The ailanthus is my tree. Her buds are jets
Of greenish fire that float upon the air.
They set my feet upon a Fosse-way, where
Old mills turn mossy wheels and wide sunsets
Redden the outstretched wings the heron wets
In old ponds that the day and darkness share.
Candles they are, that on a wayside bare
Re-gather what the human heart forgets.
Green lamps they are, whose life-sap sweet and strong
Brims from most brittle and most tender wood.
They leave their dusty branches. They float over
The houses and the roofs, a wild-goose throng.

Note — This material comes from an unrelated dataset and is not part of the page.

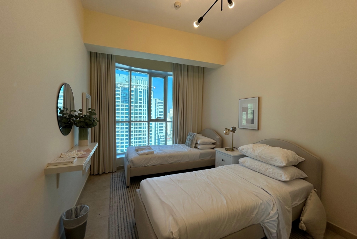 Buckingham Real Estate is proud to offer this fully furnished, custom-upgraded apartment, professionally reconfigured to provide two separate rooms, located on a high floor in Dubai Star, Jumeirah Lake Towers.

High up they fly, a thin, free multitude,
Leaving their earth, their roots, their twigs, their lover!

John Cowper Powys
Patchin Place, New York, Feb. 1926


Greenwich Village, like Chelsea in London and like the Left Bank of the Seine in Paris, resembles God, in that it is a circle whose circumference diminishes and increases according to human volition! But Patchin Place is unquestionably near its center; and in Patchin Place - where it was my good luck to live for five years - I met some of the most interesting and singular human beings I have ever known. May the mysterious Tao of the great-little Kwang-Tze, then, as still, my chosen household god, hover, with the waving of those ailanthus boughs - his own favorite branches because of their Taoistic freedom from self-assertion - forever over that room and over him who inhabits it and over all those who shall enter into it! (Farewell to America )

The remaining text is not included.